A live LLM endpoint that speaks the OpenAI-compatible API. We used vLLM with GLM-4.5-Air, MiniMax-M2.5, or Qwen3.5-122B (manifests under k8s/).
The lite-300 dataset for the agentic and detection-only pipelines — not bundled, fetch from https://huggingface.co/datasets/birdsql/bird-interact-lite. See data/README.md for the expected layout.
A Postgres instance for the agentic pipeline only — ./scripts/load_postgres.sh pulls the upstream pre-built image.
The AMBROSIA dataset for the AMBROSIA pipeline only — fetch from https://github.com/saparina/AMBROSIA, point AMBROSIA_DIR at it.
A user-sim encoder endpoint for a-Interact only — we used Gemini Vertex Express (gemini-3-1-flash-lite); any OpenAI-compatible endpoint works.

Quick start (smoke run)

# Pinned environment the paper ran on (recommended). A bare `pip install -e .`
# also works but resolves deps to the latest compatible releases.
pip install -r requirements.txt && pip install -e . --no-deps

# 1. Fetch the lite-300 dataset and place under data/bird-interact-lite/
#    (see data/README.md)

# 2. Point at your LLM endpoint
export QWEN35_122B_BASE_URL="http://your-vllm:8000/v1"

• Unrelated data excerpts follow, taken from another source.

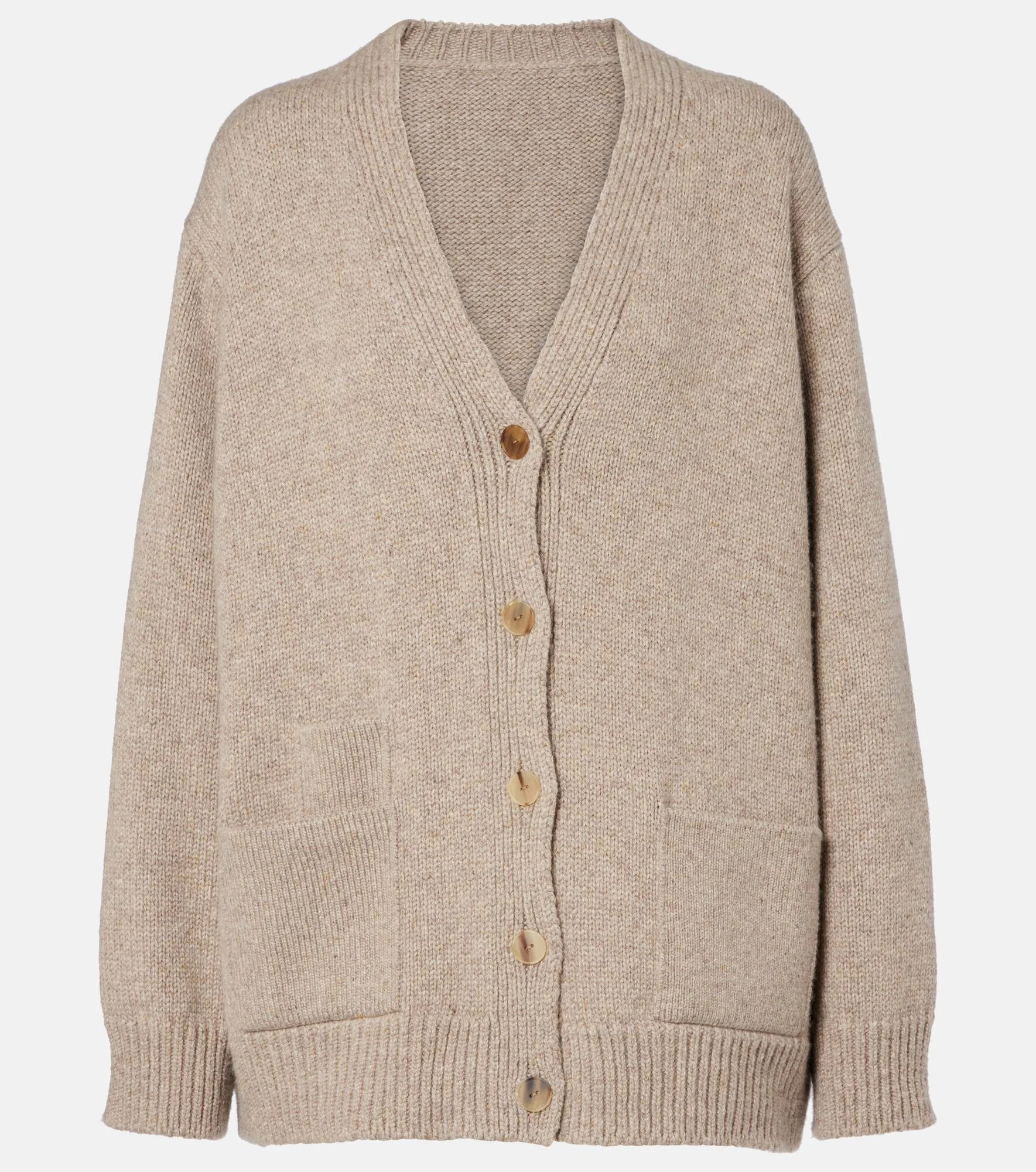 Refined, timeless fashion lies at the heart of The Row’s dedication to craftsmanship and quality. This Milou pure cashmere cardigan features a relaxed fit, a ribbed-knit pattern, and a deep V-neckline. Product Details - Material: 100% cashmere - Care instructions: dry clean - Made in Italy - Designer color name: Light Pebble - Item color: beige - Closure: buttoned front - Cuff: ribbed - Hem: ribbed - Item number: P01115406
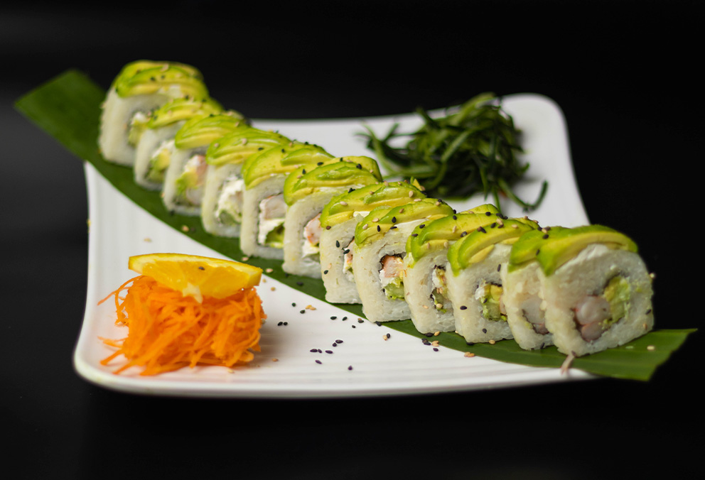 Rollo natural con base de aguacate, phila, camarón y aguacate por fuera.
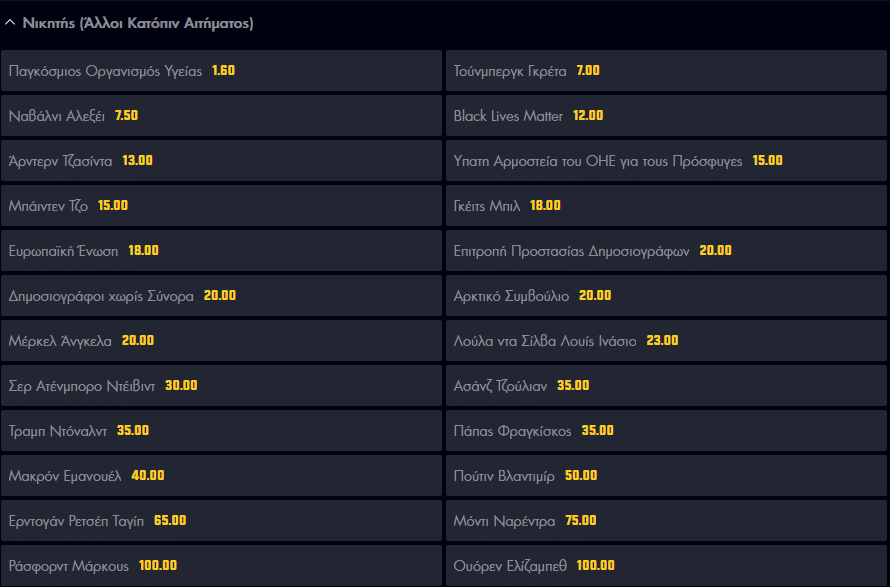 Από την σχετική λίστα δεν λείπει και το όνομα του Ντόναλντ Τραμπ, που πληρώνει με απόδοση 35.00, ενώ στην ίδια απόδοση βρίσκονται οι Πάπας Φραγκίσκος και Ασάντζ Τζούλιαν.
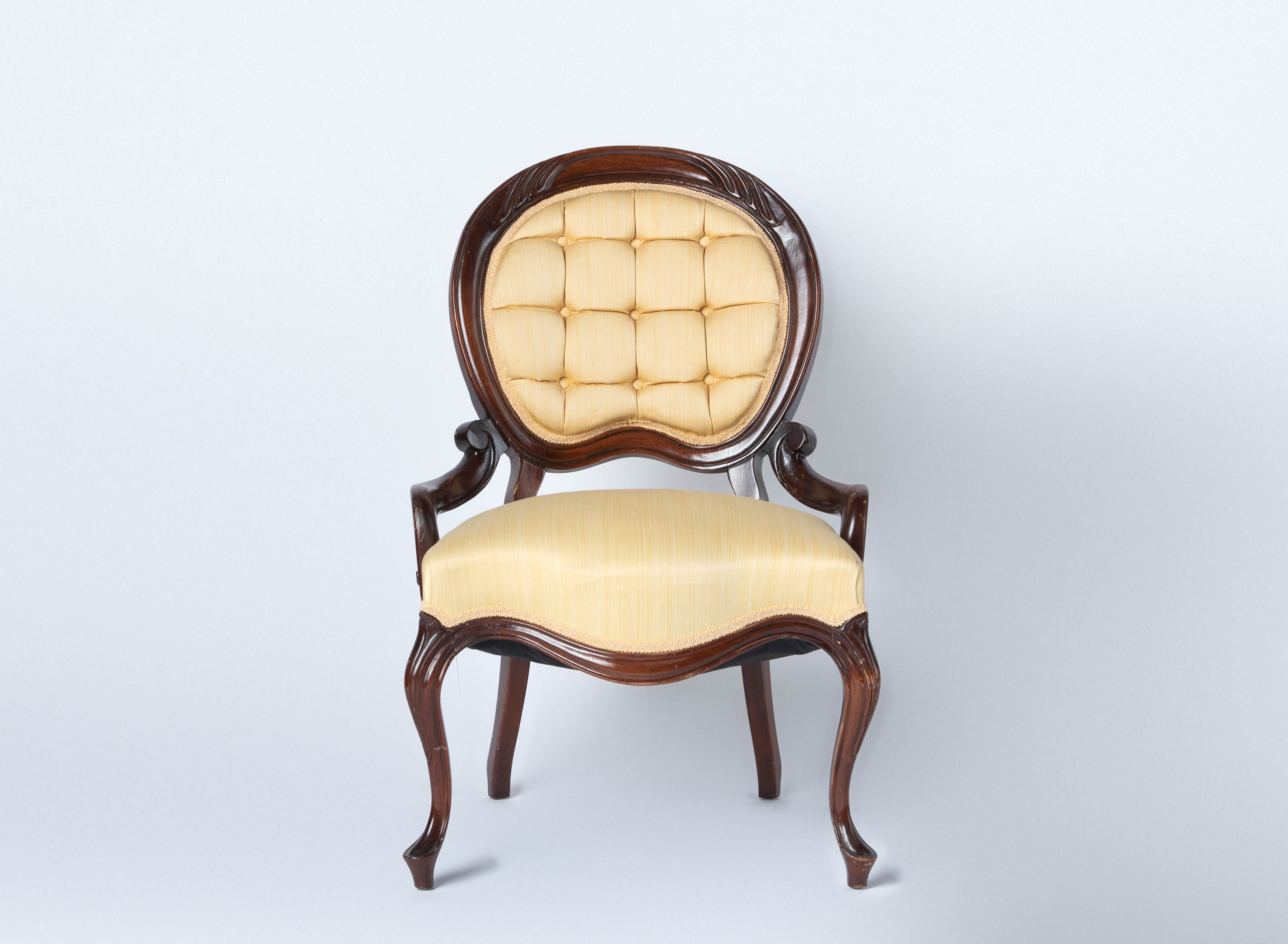 Small bright yellow tufted chair
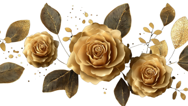 Gilded roses and dark leaves create an opulent decorative border
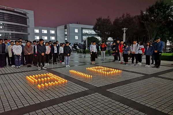 “国耻一日不雪,国民责任未完!”18日晚,澳门六合彩高手 在八号教学楼前广场举办以“铭记历史,居安思危,振兴中华”为主题的红歌快闪活动。昏黄的烛光摇曳,排列好的“9 18”字样的灯影在夜里闪烁,气氛庄严肃穆。同学们在闪闪烛光中,低沉而严肃地歌唱着由黄自先生作词的《九一八》,表达着自己对国耻的悲痛与悼念,抒发了内心的爱国复兴之志。纪念活动吸引了各院学生驻足,大家纷纷默哀、跟唱。
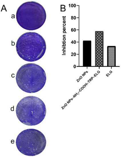 The virucidal mechanism and percent inhibition against coronavirus (HCoV-229E). (A) The cytotoxicity control (a), virus control (b), nanoformulation (c), ZnO NPs (d), and ELG (e). (B) The percent inhibition of coronavirus (CoV–229E) was calculated from the plaques formed through the virucidal mechanism.
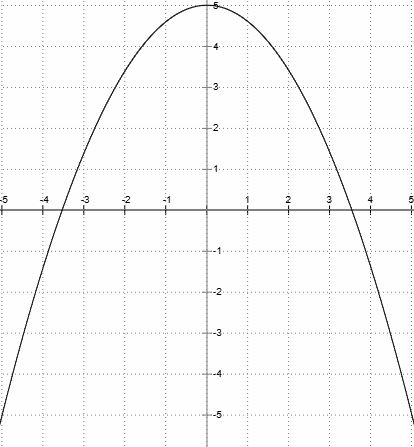 Die Bahnkurve verläuft ausgehend vom Punkt (0/5) parabelförmig zum Punkt (5/-5) und zurück und weiter parabelförmig zum Punkt (-5/-5) und zurück.
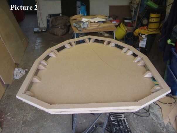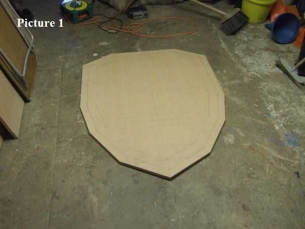 Tiene la opción de como hacer la base. Puede que sea como una unidad separada o construir la falda sobre la misma. Si desea hacerlo puede considerar partiendo de la base/de la falda para facilitar su transporte. En cualquier caso, la base debe ser en primer lugar como una sección y cortar si es necesario no. Empiece utilizando la hoja de MDF y corte como se ve en la imagen 1.
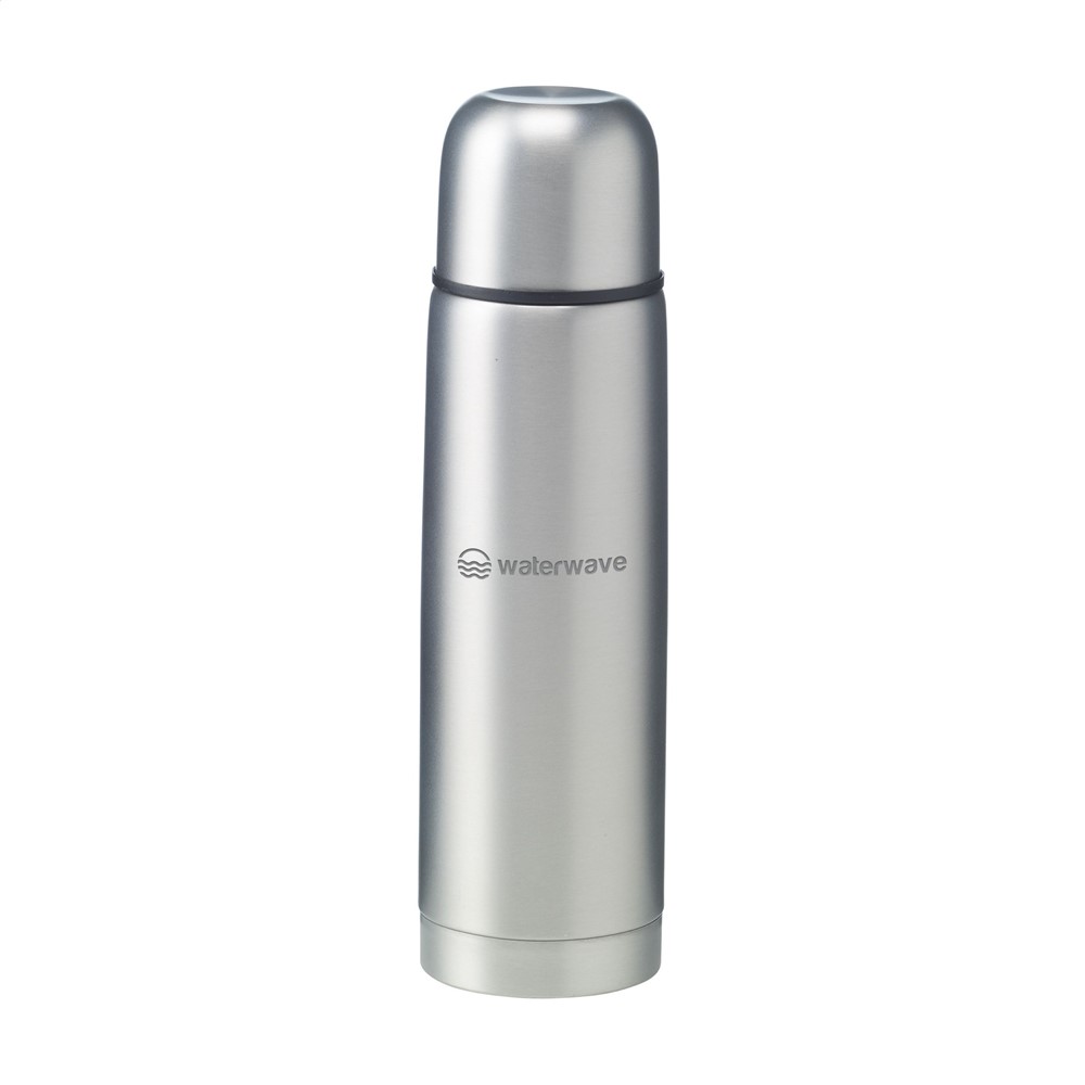 Dubbelwandige, vacuüm geïsoleerde, RVS thermosfles met dubbele schroefdop en een handig schenksysteem met druksluiting. Lekvrij. De dop is ook als drinkbeker te gebruiken. Afgewerkt met frosted, metallic finish. Inhoud 500 ml. Per stuk in kraft doos.

# 3. Run a 5-sample detection-only smoke (no Postgres needed).
#    --encoder-model self points the user-sim encoder at the same endpoint;
#    paper-canonical Tables 5-7 use a cross-encoder model — see REPRODUCING.md.
./scripts/run_detection.sh --method direct --model qwen \
  --encoder-model self \
  --output results/smoke.json --num-samples 5
python -m bird_interact.detection_only.aggregate --input results/smoke.json

--model {glm|mm|qwen} selects the per-model knob profile and assumes the matching served model id. To run with any other OpenAI-compatible model, add the override flags (and --encoder-model self to judge on the same endpoint):

./scripts/run_detection.sh --method direct --model qwen \
  --base-url "$YOUR_URL" --model-id "$YOUR_MODEL" \
  --encoder-model self --output results/smoke.json --num-samples 5

For the full per-pipeline procedure (including a-Interact's Postgres + Gemini setup, vLLM flags per model, and the AMBROSIA fetch), see REPRODUCING.md.

Expected wall-clock

Anchors so you can sanity-check before committing GPU time (the 10-call detection methods are multi-hour). All numbers are for the full lite-300 / AMBROSIA-1149-ambiguous splits on a single 2-GPU vLLM server matching the recipes in k8s/vllm_server_*.yaml.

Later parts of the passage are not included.